These Supplements Slow Cognitive Decline By 60%

Participants who took the supplements for three years had brains that were almost two years younger.

Participants who took the supplements for three years had brains that were almost two years younger.

Taking a daily multivitamin slows cognitive decline by 60 percent, a study shows.

Participants who took the multivitamin for three years had brains that were almost two years younger.

The multivitamin was particularly useful for those suffering from cardiovascular disease.

People with cardiovascular disease are at a higher risk of cognitive impairment.

Professor Laura D. Baker, the study’s first author, said:

“There’s an urgent need for safe and affordable interventions to protect cognition against decline in older adults.”

The conclusions come from a study of over 2,000 people aged over 65.

The study tested the effects of a multivitamin versus a control group, as well as cocoa extract.

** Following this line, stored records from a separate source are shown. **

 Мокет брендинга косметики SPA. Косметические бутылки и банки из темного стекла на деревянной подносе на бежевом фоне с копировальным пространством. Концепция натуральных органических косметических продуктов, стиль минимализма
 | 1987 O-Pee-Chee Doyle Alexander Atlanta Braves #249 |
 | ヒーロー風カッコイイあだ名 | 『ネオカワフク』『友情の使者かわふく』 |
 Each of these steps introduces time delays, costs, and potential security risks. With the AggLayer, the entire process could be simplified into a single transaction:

Professor Baker explained the results:

“Our study showed that although cocoa extract did not affect cognition, daily multivitamin-mineral supplementation resulted in statistically significant cognitive improvement.

This is the first evidence of cognitive benefit in a large longer-term study of multivitamin supplementation in older adults.”

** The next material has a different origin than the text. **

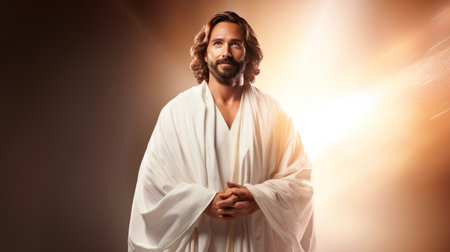 Portrait of Jesus Christ in his traditional white robe against sunset sky background.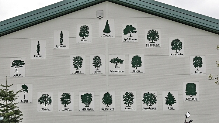 Hned u parkoviště nás přivítala keltská stromová znamení na stěně skladu a reklamní plakát.

There are several micronutrients that are required for healthy body and brain function that may be deficient in older adults.

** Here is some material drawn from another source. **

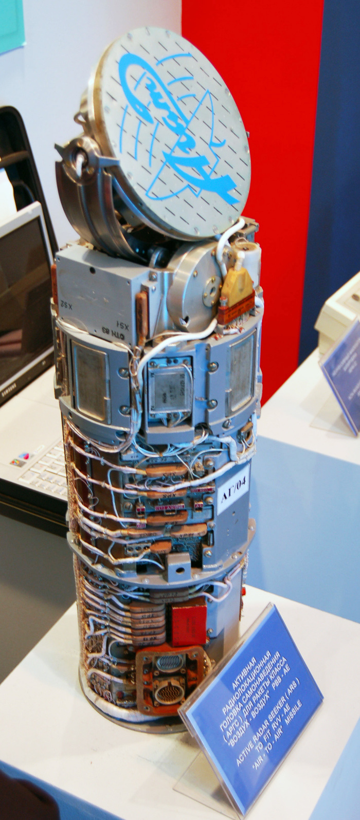 據(jù)俄羅斯媒體稱,上世紀(jì)80年代研制而成的R-77中程主動(dòng)雷達(dá)制導(dǎo)導(dǎo)彈能夠?qū)崿F(xiàn)發(fā)射后不管,最初同樣由烏克蘭“阿爾焦姆”公司生產(chǎn),但在蘇聯(lián)解體后停產(chǎn)。90年代中期俄羅斯“信號(hào)旗”設(shè)計(jì)局自行組織批量生產(chǎn)出口型R-77導(dǎo)彈,代號(hào)RVV-AE,使用改進(jìn)型自導(dǎo)彈頭。隨后RVV-AE導(dǎo)彈成為所有蘇-27和米格-29系列新型和改型戰(zhàn)機(jī)不可分割的一部分,成為戰(zhàn)術(shù)導(dǎo)彈武器集團(tuán)的出口拳頭產(chǎn)品,創(chuàng)造了豐厚的外匯收入,其中僅向中國就供應(yīng)了大約1500枚,向印度供應(yīng)了至少800枚,現(xiàn)在還在繼續(xù)供應(yīng)。另外還在向其他一些國家出口。(圖為R-77的導(dǎo)引頭,它也是PL-12的技術(shù)來源之一)

This might explain the study’s findings.

Professor Baker, though, was cautious:

“It’s too early to recommend daily multivitamin supplementation to prevent cognitive decline.

While these preliminary findings are promising, additional research is needed in a larger and more diverse group of people.

Also, we still have work to do to better understand why the multivitamin might benefit cognition in older adults.”

The study was published in the journal Alzheimer’s & Dementia (Baker et al., 2022).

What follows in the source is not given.